EXTRACTED RECORDS below:
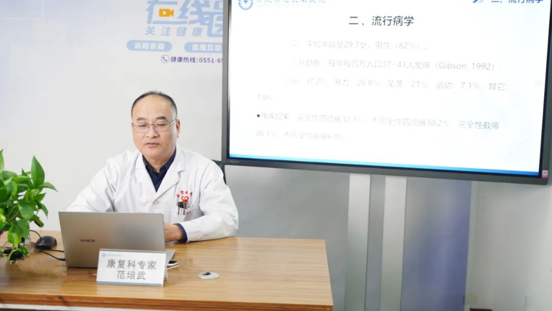 12月13日18:30-19:30,我院副院長、神經(jīng)康復(fù)科主任范培武通過線上直播平臺進行了一場專題講座,主題為《脊髓損傷的康復(fù)》。這場直播的目的是向在線觀眾傳遞關(guān)于脊髓損傷康復(fù)準確且全面的知識,通過講解實用的康復(fù)指導(dǎo)和技巧,為正在進行康復(fù)過程的患者和家人提供幫助和支持。
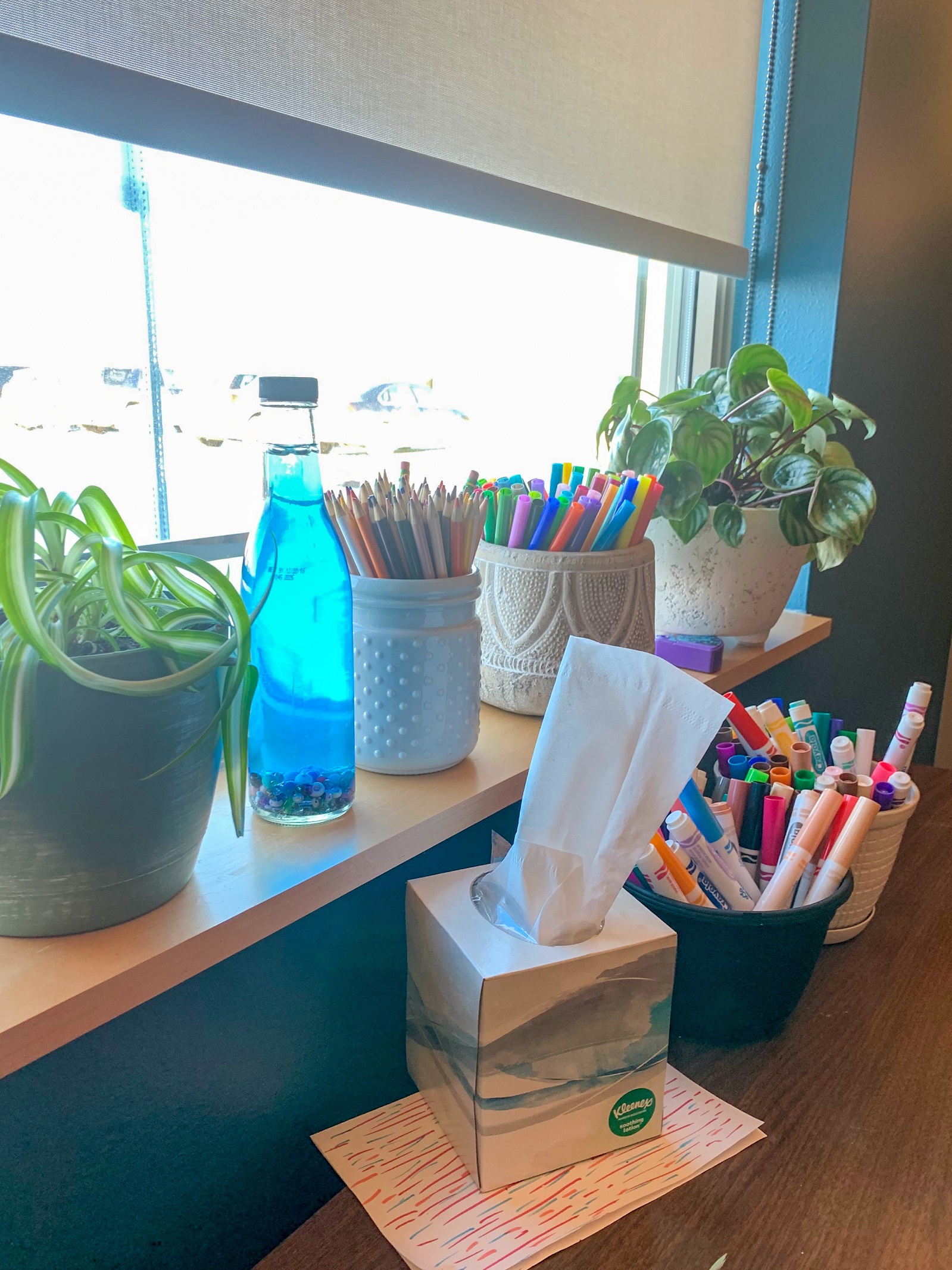 There’s no such thing as a typical session, she says, and not everyone who walks through her door will do art therapy. But integrating art directives into her therapy sessions can help clients open up and begin to process difficult emotions. Art therapy also allows Danielle to gather a lot of information quickly. For example, by asking a child to draw all the members of her family doing an activity, she gets to know more about them and their situation.
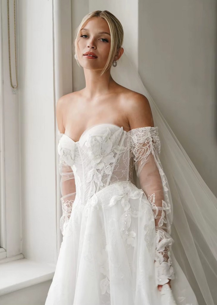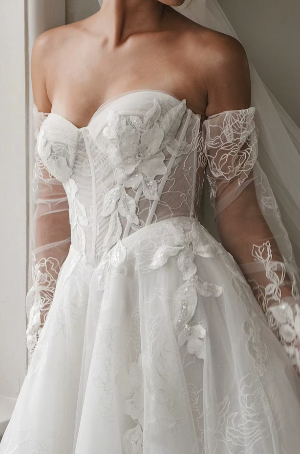 A line boho wedding dress Gianni off shoulder with lingerie top and lace
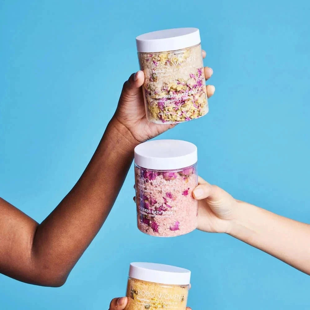 A natural fusion of soothing lavender, clementine, rosehip and sugandha kokila essential oils to ease the mind and replenish the skin. Infused with organic dried rose petals and epsom salts for the ultimate sensual bathing experience. Romance yourself.
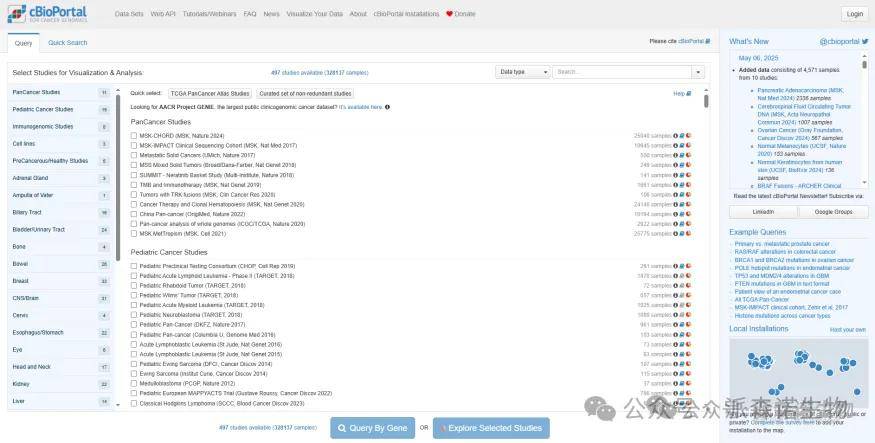 聚焦癌症研究的小伙伴,cBioPortal绝对是绕不开的核心工具,尤其适合结合转录组数据进行多维度分析。cBioPortal是一个开源的综合性癌症基因组学数据库和分析平台,由Memorial Sloan Kettering Cancer Center(MSK)开发并维护。它整合了来自TCGA、ICGC等大型项目以及已发表研究的癌症基因组数据,为研究人员提供可视化和分析工具。
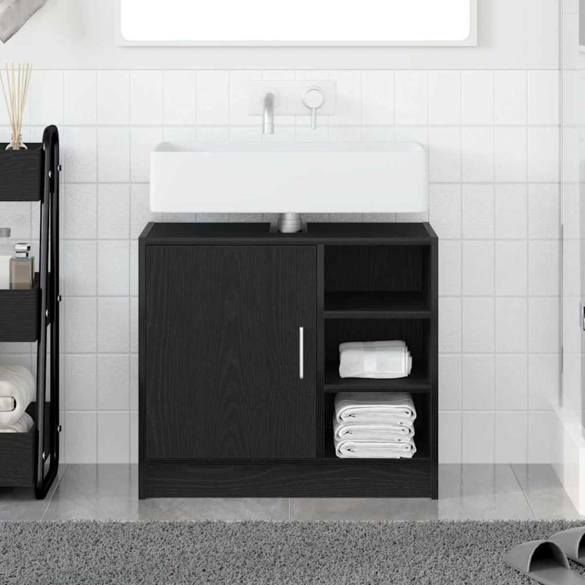 vidaXL Bathroom Cabinet Black Oak 63 x 29 x 55 cm Engineered wood
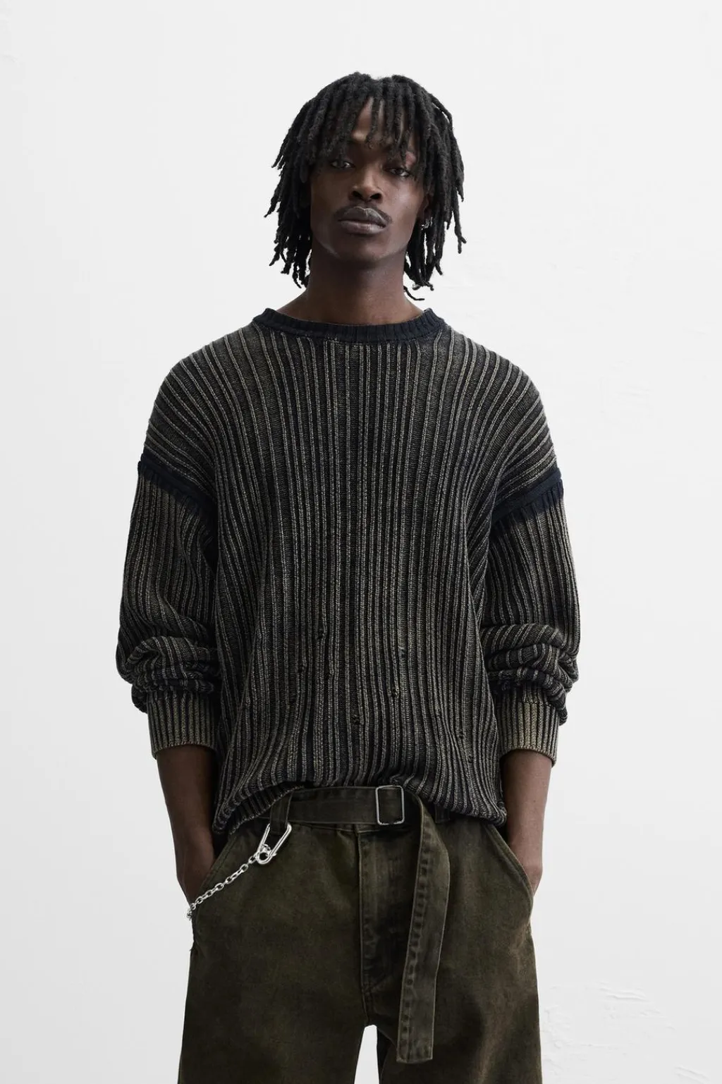 Jersey relaxed fit tejido en hilatura de algodón. Cuello redondo y manga larga. Efecto lavado. Acabados en rib.
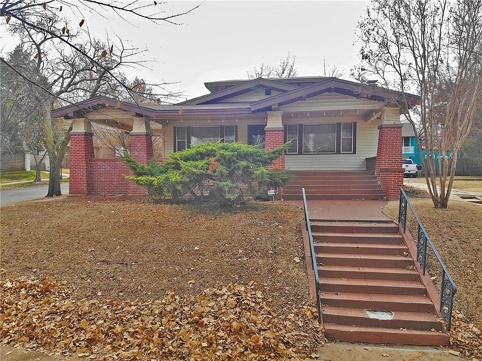 Reduced and Back on the market! Location, Location, Location! A historical treasure in the midst of Oklahoma's finest neighborhoods. You will fall in love with the wrap around porch, a true window on the world as this home sits high on the treed lot and overlooks tree lined streets of stately homes. Huge wood framed windows and the large room sizes give this beautiful home limitless possibilities Original red brick exterior, additional concrete off street parking and a 4 year old 2 car garage are just a few of the amenities this home offers. The possibilities are endless because of the spaciousness of the rooms. 2 bedrooms on the main level and one bedroom and bathroom upstairs. Iron fence encloses the backyard. Hurry to make this grand gem your own fabulous home.
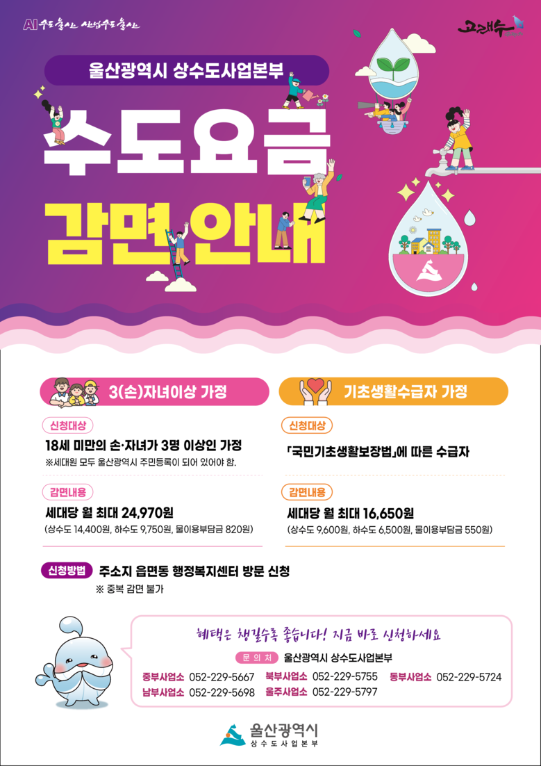 상수도사업본부 관계자는 “3(손)자녀 이상 가정을 위한 체감도 높은 생활 밀착형 감면 혜택을 제공해 다자녀 가정에 대한 사회적 우대 분위기가 조성되길 기대한다”라며 “내 이웃인 기초생활수급자에게 깨끗한 물 한방울로 울산의 온정을 나눌 수 있도록 계속해서 노력하겠다”라고 말했다.
End of EXTRACTED RECORDS.
TASK INSTRUCTIONS | When you transcribe the entries above, keep every word exact and leave out the pictures.

SOLUTION |
 12月13日18:30-19:30,我院副院長、神經(jīng)康復(fù)科主任范培武通過線上直播平臺進行了一場專題講座,主題為《脊髓損傷的康復(fù)》。這場直播的目的是向在線觀眾傳遞關(guān)于脊髓損傷康復(fù)準確且全面的知識,通過講解實用的康復(fù)指導(dǎo)和技巧,為正在進行康復(fù)過程的患者和家人提供幫助和支持。
 There’s no such thing as a typical session, she says, and not everyone who walks through her door will do art therapy. But integrating art directives into her therapy sessions can help clients open up and begin to process difficult emotions. Art therapy also allows Danielle to gather a lot of information quickly. For example, by asking a child to draw all the members of her family doing an activity, she gets to know more about them and their situation.
 A line boho wedding dress Gianni off shoulder with lingerie top and lace
 A natural fusion of soothing lavender, clementine, rosehip and sugandha kokila essential oils to ease the mind and replenish the skin. Infused with organic dried rose petals and epsom salts for the ultimate sensual bathing experience. Romance yourself.
 聚焦癌症研究的小伙伴,cBioPortal绝对是绕不开的核心工具,尤其适合结合转录组数据进行多维度分析。cBioPortal是一个开源的综合性癌症基因组学数据库和分析平台,由Memorial Sloan Kettering Cancer Center(MSK)开发并维护。它整合了来自TCGA、ICGC等大型项目以及已发表研究的癌症基因组数据,为研究人员提供可视化和分析工具。
 vidaXL Bathroom Cabinet Black Oak 63 x 29 x 55 cm Engineered wood
 Jersey relaxed fit tejido en hilatura de algodón. Cuello redondo y manga larga. Efecto lavado. Acabados en rib.
 Reduced and Back on the market! Location, Location, Location! A historical treasure in the midst of Oklahoma's finest neighborhoods. You will fall in love with the wrap around porch, a true window on the world as this home sits high on the treed lot and overlooks tree lined streets of stately homes. Huge wood framed windows and the large room sizes give this beautiful home limitless possibilities Original red brick exterior, additional concrete off street parking and a 4 year old 2 car garage are just a few of the amenities this home offers. The possibilities are endless because of the spaciousness of the rooms. 2 bedrooms on the main level and one bedroom and bathroom upstairs. Iron fence encloses the backyard. Hurry to make this grand gem your own fabulous home.
 상수도사업본부 관계자는 “3(손)자녀 이상 가정을 위한 체감도 높은 생활 밀착형 감면 혜택을 제공해 다자녀 가정에 대한 사회적 우대 분위기가 조성되길 기대한다”라며 “내 이웃인 기초생활수급자에게 깨끗한 물 한방울로 울산의 온정을 나눌 수 있도록 계속해서 노력하겠다”라고 말했다.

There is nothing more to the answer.